Blazhko is a lunar impact crater that is located in the northern hemisphere on the far side of the Moon. It lies to the northwest of the crater Joule, and to the south of Gadomski. The fresh, bright crater Wargo is to the south, on the rim of Joule T.

This is a large fresh crater that has covered up some older impacts in the vicinity.
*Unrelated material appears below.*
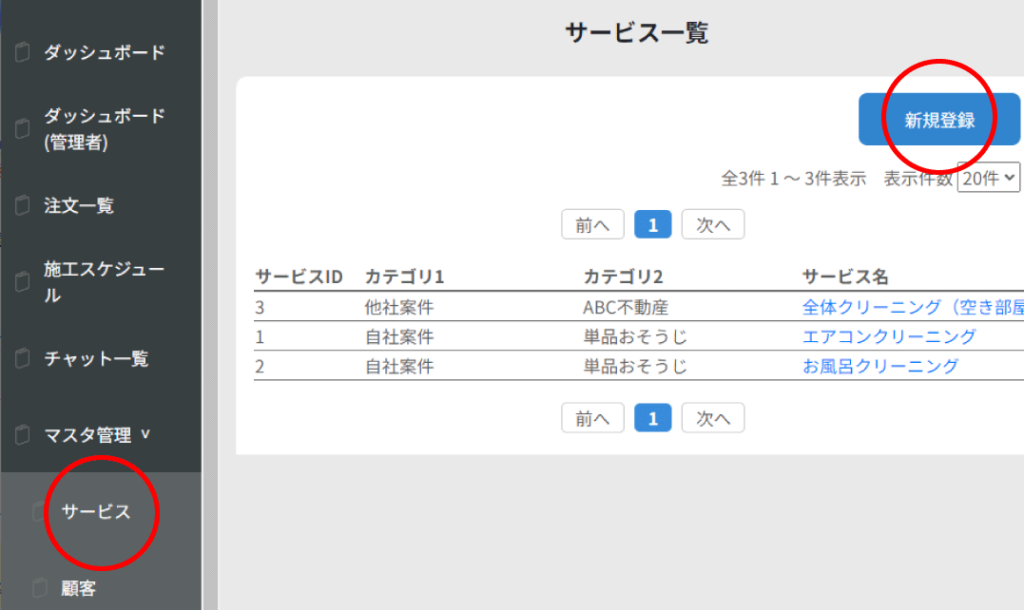 1.「マスタ管理」→「サービス」→「新規登録」をクリックします。

The rim is generally circular, but with some irregularities. There is a small outward bulge in the rim to the east-southeast, and an inward bulge on the opposite face. There is also a slight outward bulge along the north rim. The satellite crater Blazhko F is attached to the exterior of the east rim. The inner wall along the northeast face is striated with terraces. The interior floor is relatively level.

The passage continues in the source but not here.